Politics, perceptions, and money: these are the guiding trinity of research at the grand scale, the source of determinants for the work of thousands of researchers and the rate and direction of progress in broad fields of medical science - or so says the author of this article on the state of longevity science:
It has been clear for many years that the rate of aging is malleable in diverse species, and the discovery in 2009 that a drug called rapamycin can extend maximum life span in mice suggested that it's now technically feasible to develop anti-aging agents that really work as advertised. Unfortunately, I see no commercial interest in doing so.

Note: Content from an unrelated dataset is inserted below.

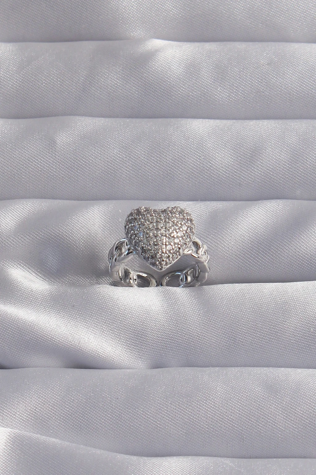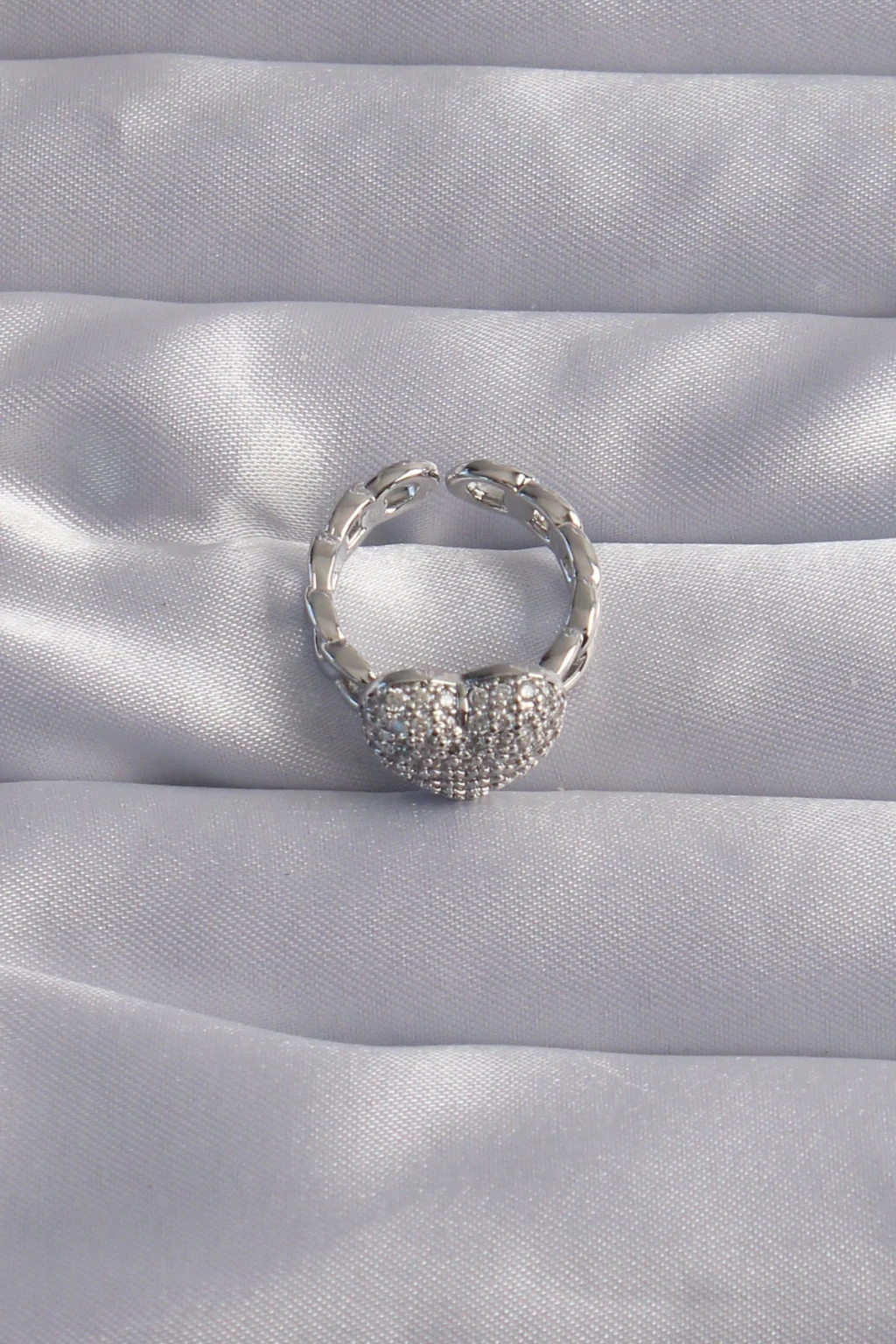 Pirinç Ayarlamalı Gümüş Renk Zirkon Taşlı Bombeli Kalp Yüzük - TJ-BYK3282
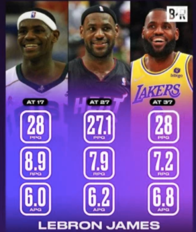 在数据图中可以看到詹姆斯的三个时期的数据,分别是17岁的詹姆斯,27岁的詹姆斯和如今已经37岁的詹姆斯。然而,从詹姆斯的数据场均数据来看,似乎并没有太大的变化。

The focus here is the mainstream of research, aimed at slowing aging by metabolic manipulation. This, as you all know by now, is the slow boat to nowhere in my view. The only practical way ahead that seems plausible to produce meaningful rejuvenation of the old in our lifetimes is some variant of SENS, the Strategies for Engineered Neligible Senescence: focus on repair and reversal of damage, not on slowing down the rate at which damage accrues. Repair is no harder, and arguably an easier path, and the end result will be far more effective in terms of years gained and suffering quashed. But SENS and other repair strategies yet to emerge into a coherent research program are the minority view in the field, still working to attain recognition and funding - bear that in mind when you read about the hurdles that groups with far more credit in the scientific community are struggling with. It's a long way from here to where we need to be, and there are two battles yet to win: firstly to persuade the research community to adopt the better strategic direction that SENS represents, and secondly to persuade some fraction of the world that reversing aging through biotechnology can and should be achieved within a matter of a few decades.
But back to the article:
Prominent advisors to the National Institute on Aging, as well as some of its officials, are enthusiastic about anti-aging drugs' huge potential to improve public health. In fact, a few years ago the NIA's founding director, the late Robert N. Butler, joined three visionary gerontologists to urge that the federal government mount a major program to accelerate development of such medicines, including funding for clinical trials and the preclinical research needed to make them feasible.
But the idea of investing taxpayer dollars in such a program has proved a very hard sell. As gerontologist Richard A. Miller once put it, "A president who announces a war on cancer wins political points, but a president who publicly committed the government's resources to research on extending people's life span would be deemed certifiable."
Which gets us to the root problem: Few people - including policymakers and medical experts who advise them - appear to realize that the ability to brake aging is now within our grasp, and that even modestly effective anti-aging drugs promise the biggest gains in public health since the advent of vaccines and antibiotics nearly a century ago. Indeed, I suspect most people still regard aging as an inalterable part of the human condition - a view reinforced by the fact that pharmaceutical companies just say no to anti-aging drug development.
An important line item that the author omits is that Big Pharma - and a hundred biotech startups, if there were any justice in the world - don't engage in longevity science because the FDA will not approve therapies for aging, and indeed could not possibly ever approve therapies for aging under its present regulatory regime. There is no way to sell to the clinics in the US marketplace, so there is no potential profit for US-based developers, so there is next to no venture funding for development of promising longevity science. Politics, perceptions, and money - and it's the political and regulatory establishment that is the biggest roadblock here.